Retired Navy master chief and former Navy Times journalist John Burlage passed away in Beeville, Texas, on July 23.
Burlage is remembered fondly for the 18 years he spent covering personnel for Navy Times and his prior 25 years of uniformed service as a journalist in the Navy, where he retired as the command master chief for the office of the Navy chief of information.
Those who knew Burlage recalled how he never stopped working on behalf of sailors, retiring from the Navy on a Friday and beginning at Navy Times the following Monday.
“Burlage was a true classic, old school throwback, dogged reporter. He loved the Navy, loved reporting, loved sailors, loved people, and loved getting to the bottom of a story,” said Christopher Cavas, the managing editor of Navy Times when Burlage retired.
The personnel beat that Burlage covered focused on issues affecting the lives of sailors, a duty his Navy experience was no doubt an asset in. Cavas said no one understood the beat better than Burlage.
“That is the stuff of being in the Navy. It’s not about major events, it’s about the hardcore stuff of being in the service. And that’s what John covered, and he did it peerlessly,” Cavas said.
Those who knew him also said that Burlage was always willing to lend a hand to new employees.
Tobias Naegele, the longtime chief editor at Military Times and Defense News, said he owes much of his success to Burlage’s readiness to help. When Naegele began his career at Military Times as the editor of Navy Times, Burlage, who had also applied for the position, had already been working there for years.
“He had applied for the job to be the editor of Navy Times and instead this young kid came in, and he could have really given me a hard time — there was an awful lot I didn’t know,” Naegele said. But Burlage wasn’t upset. Instead, he showed Naegele the ropes.
“He taught me what it meant to think like a sailor,” said Naegele. “John Burlage knew it was all about them.”
Because of his extensive knowledge of the issues that affected the lives of sailors, Naegele said, the agenda Burlage set for the week shaped the agenda of the Navy as well, calling attention to key issues.
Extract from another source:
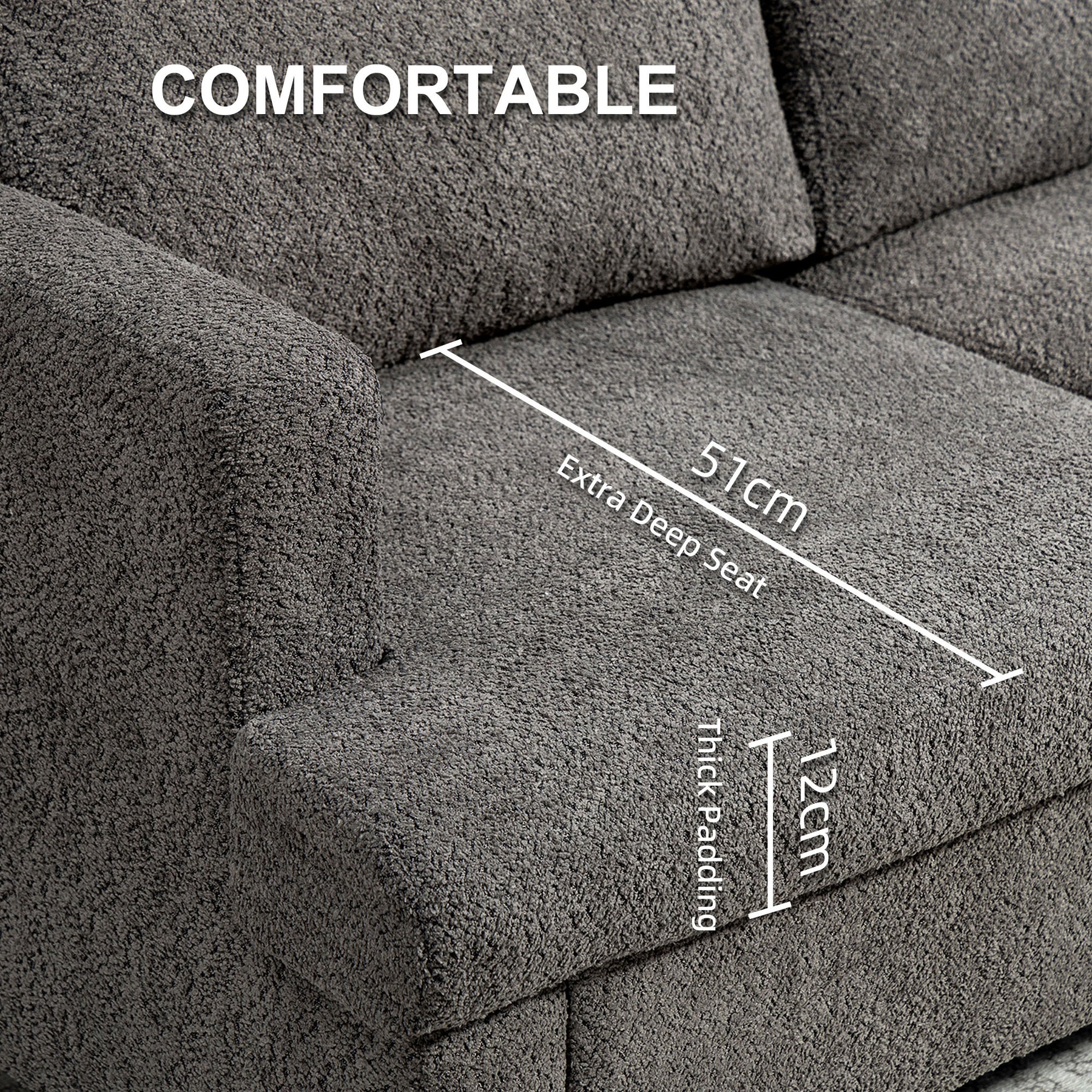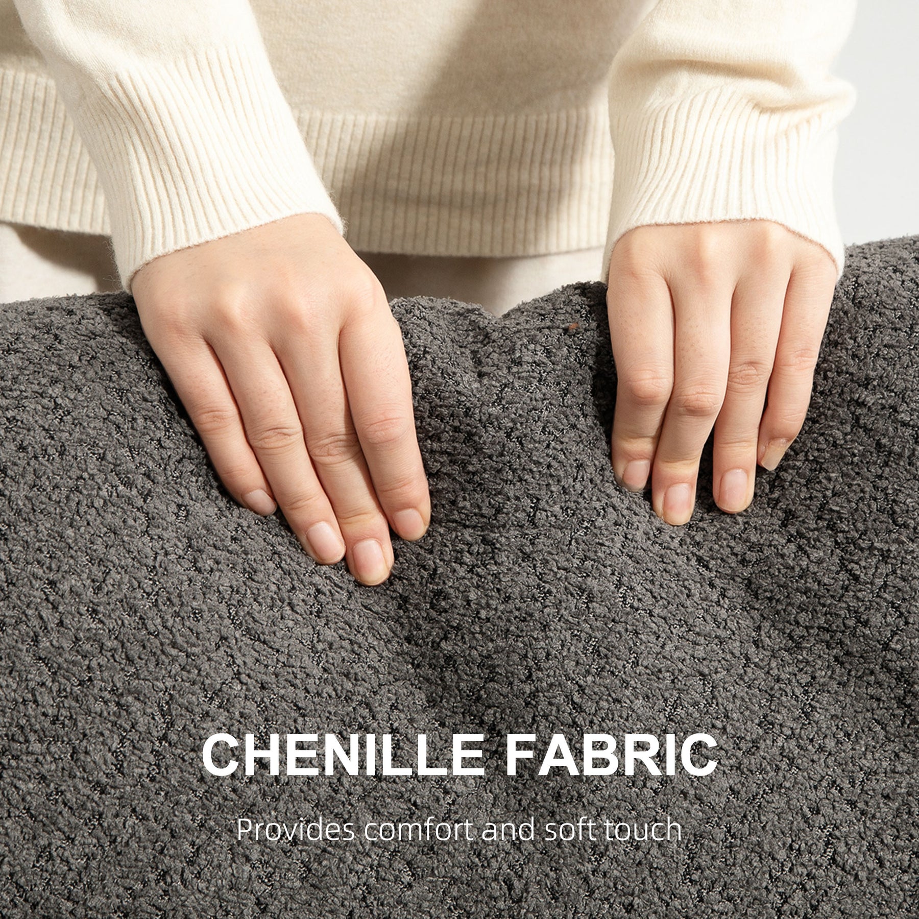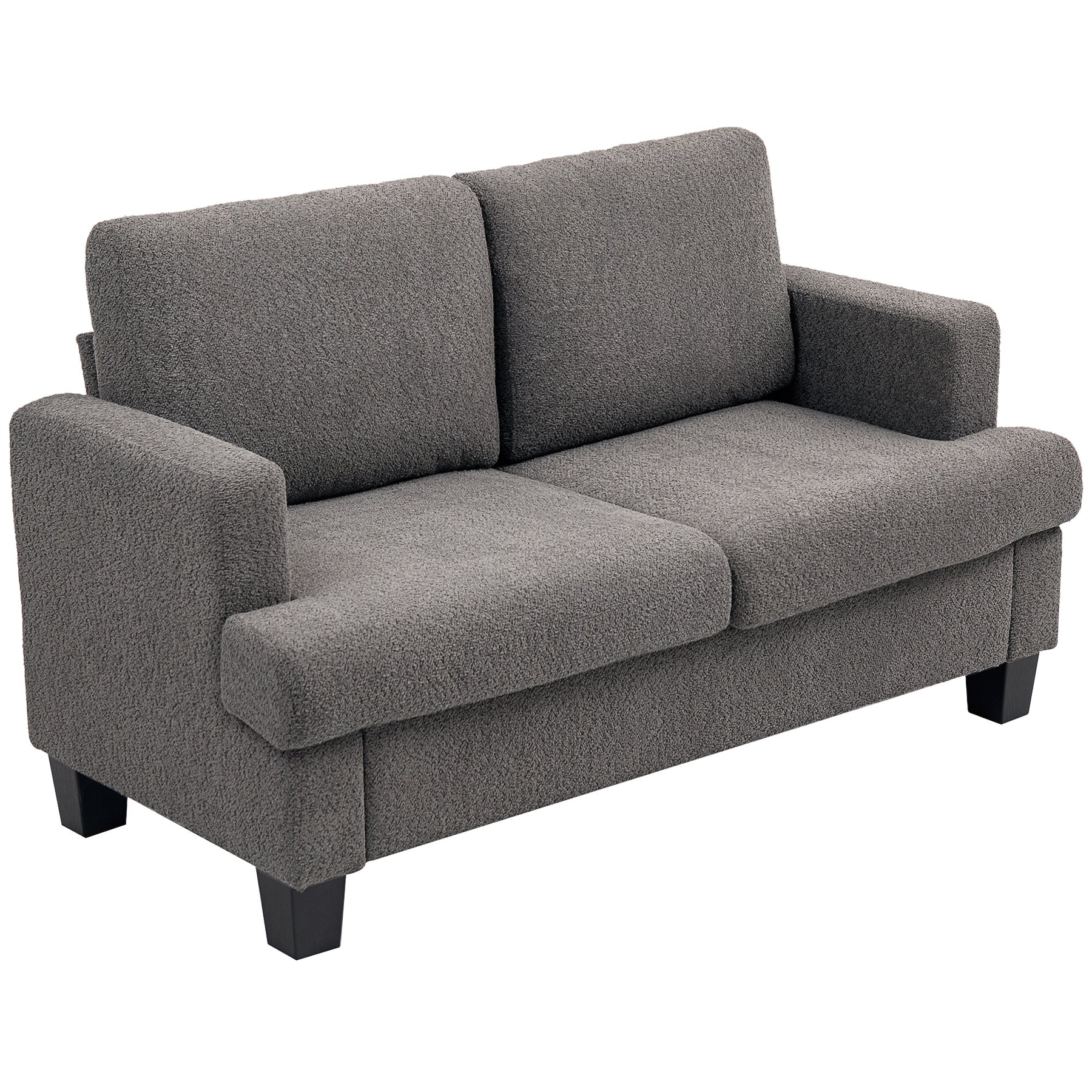 Sink into the plush comfort of the HOMCOM small loveseat sofa, where chenille softness meets modern elegance. With a 12cm thick, high-density sponge cushion supported by S-springs, this small sofa ensures a cozy seat in any living room or study. Its compact design and solid colour are complemented by two washable cushions, making it a stylish and practical choice for any space.

Upon his retirement from Navy Times in October 2002, Burlage was awarded the Navy’s second-highest civilian award, the Navy Superior Public Service Medal, by Adm. Vern Clark, then-chief of naval operations.
His successful military career and coverage of issues relevant to sailors made him well-known, even famous, in the Navy. Those who knew Burlage referred to him as a legend.
“I, like many of my peers, had the privilege — and I say that word again, privilege — of working with John. He was an incredible journalist,” said Rear Adm. Thomas Jurkowsky, former Navy chief of information, in a letter mourning Burlage’s passing.
Mark Faram, a former reporter at Navy Times, was mentored by Burlage and eventually stepped into his role.
“He was able to do things that other reporters, you know, weren’t,” said Faram. The first piece of advice Burlage gave him was that “you’d better be able to ask the admirals the tough questions.”
And that’s just what Burlage did. His friends and coworkers recalled how he always knew just when to apply pressure or ease back and lend a helping hand.
“He was always there if you needed to lean on him,” Faram said. “He was an amazing guy.”
Burlage’s wife Jan, of more than 62 years, told Cavas that her husband passed due to a series of health issues that had worsened in recent months. His death is not believed to be related to COVID-19.
Burlage died just three days before his 81st birthday.